The second stanza requires some parsing. We have left the schoolroom (“I dream” is the giveaway) and entered the realm of memory, where a Ledean body (“Ledean” comes from Greek mythology: Leda was raped by Zeus, in the form of a swan, begetting Helen of Troy – both Leda and Helen, then, might be said to have “Ledean” bodies) shares a personal anecdote that once united them in Yeats’ eyes. The combination of the youthful children and this reminiscence of a youthful love (biographers assume the “Ledean body” in question belonged to Maud Gonne, a lifelong love interest of Yeats’ to whom he proposed on three separate occasions) prompt a meditation on old age, as Yeats presents himself to the children as a “comfortable kind of old scarecrow” (in “Sailing To Byzantium,” he famously wrote: “An aged man is but a paltry thing, / A tattered coat upon a stick” – there is some metaphorical continuity here). In the fifth stanza, he asks if a mother, could she look upon her sixty year old progeny, would find that being adequate compensation for the pains of childbirth and childrearing?

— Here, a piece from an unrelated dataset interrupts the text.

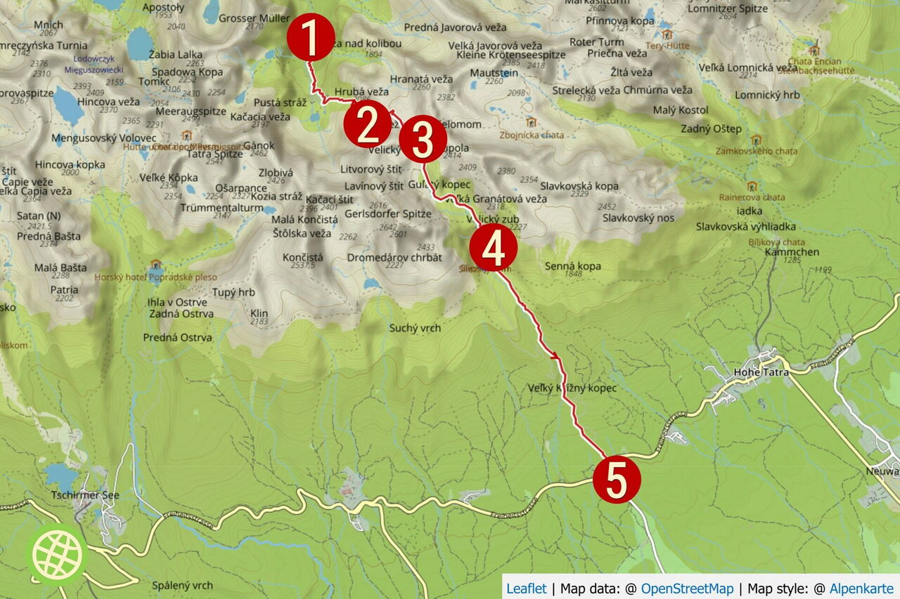 Charakter: Vertrautheit mit exponiertem Gelände und gutes Orientierungsvermögen werden benötigt. Außerdem alpine Erfahrung. Bei einem Wettersturz kann ein Rückzug schwierig werden. Art des Weges: 100 % Pfad. Zusatzausrüstung: Es werden Proviant und Trinkwasser für 2 Wandertage benötigt. Einkehr: Km 7,7 Berghotel Sliezsky dom. Beste Wanderzeit: 14. Juni bis 1. November. Hinweis: Aus Naturschutzgründen sind Teilstücke der Wanderung in der Zeit vom 1. November bis 14. Juni geschlossen. Variante 1: Der konditionsstarke Wanderer kann diese Tour 49 mit der Tour 48 zu einer Tageswanderung kombinieren. Variante 2: Auch lässt sich eine Wanderung über 4 Tage zusammenstellen, indem man zuvor die Touren 52 und 53 geht – die Süd-Nord-Überquerung des Hauptkamms der Hohen Tatra.

The sixth stanza extends this meditation, invoking Plato’s allegory of the cave and other famous philosophers and mathematicians, all of whom endeavoured, in their way, to find meaning in the world. The final lines of this stanza deserve repeating, and should be savoured: “World-famous golden-thighed Pythagoras / Fingered upon a fiddle-stick or strings / What a star sang and careless Muses heard: / Old clothes upon old sticks to scare a bird.” The mathematician, the astronomer and the poet may all approach the question of time and meaning differently, but in the final calculation, they are no more than “old clothes upon old sticks to scare a bird.” Yeats once again returns to imagery of the scarecrow. There is an implied contrast in this stanza as well, between the philosopher and the philosophy, the mathematician and the theorem, the poet and the poem, but for the time being Yeats can see no way to reconcile them, no way to overcome the destructive power of impending death.

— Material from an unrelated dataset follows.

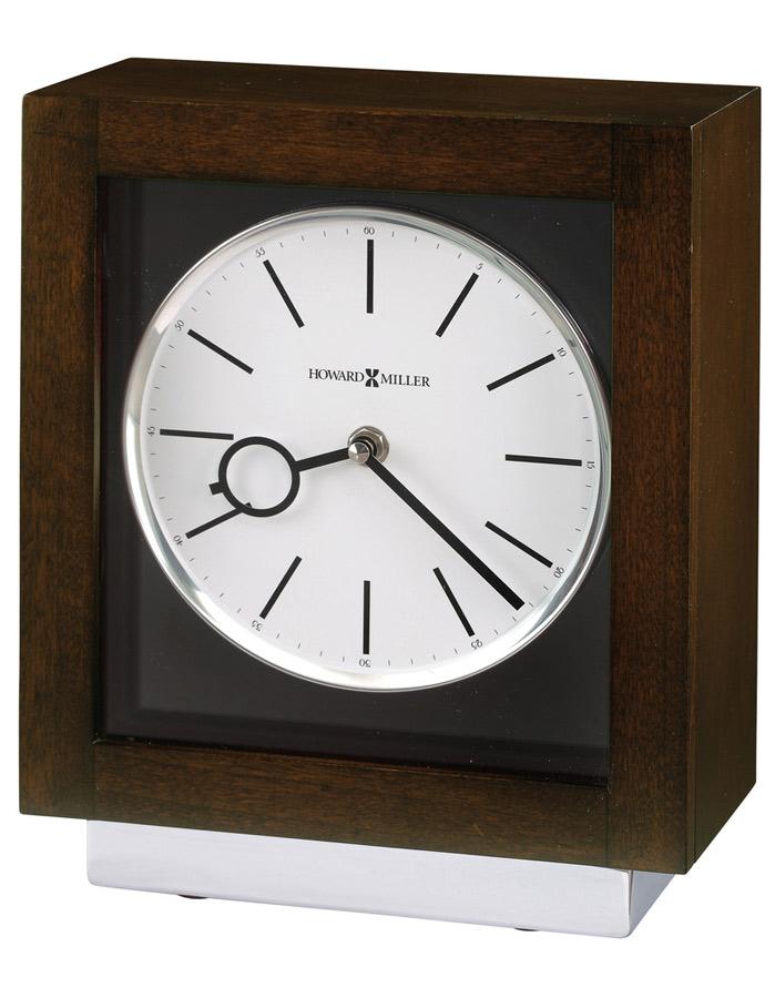 • This rectangular mantel clock is finished in Espresso on select hardwoods and veneers, is supported by a polished chrome plated metal-wrapped base, and features a floating dial.

His pessimism continues in the next stanza: mothers and nuns worship mere images, images destined to disappoint: “self-born mockers of man’s enterprise.” The reconciliation is reserved for the final stanza, in a labour that does not leave the body “bruised to pleasure soul,” but somehow reconciles the two. The final four lines are, in my judgment, among the most beautiful in all of poetry:

O chestnut tree, great rooted blossomer,
Are you the leaf, the blossom or the bole?
O body swayed to music, O brightening glance,
How can we know the dancer from the dance?

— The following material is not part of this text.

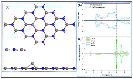 DOS analysis was used to explore the effect of Cr atom doping on electronic distribution. It is believed that TDOS can reflect the electron density distribution of a system; as shown in Figure 2b, the electrons of the Cr–InN monolayer moved to a slightly lower energy direction compared to those of the intrinsic InN monolayer. Moreover, some new states were added to the Cr–InN monolayer, which narrowed the intercept near the Fermi level of the TDOS curve of Cr–InN. These phenomena indicate that the introduction of a Cr dopant reduced the intrinsic band gap of InN and improved the electronic activity of the InN monolayer. Regarding PDOS, the overlap between the curves representing the atomic orbitals indicates the orbital hybridization of atoms, which is usually used to explain the bonding between a dopant and intrinsic material (shown in Figure 2c); the overlap between the 5s orbital (In-5s) of the In atom and the Cr-3d orbital at −7 eV and the overlap between the In-5p orbital and the Cr-4s orbital in the range from 1 to 4 eV indicate strong orbital hybridization between these two atoms, thus demonstrating that Cr atoms have been successfully incorporated into the InN monolayer system.

Here, Yeats finds a unity that reconciles him to old age and even death. As the chestnut tree cannot be defined by any one of its parts, but only by the whole, so too must a life encompass youth and old age, birth and death. And this unity extends to the artist as well, for as the dancer and the dance become, to some degree, intertwined and indistinguishable, surely so must the poem and the poet?

The Collected Poems is one giant testament to the power of poetry, and Yeats soars above any praise I can give him.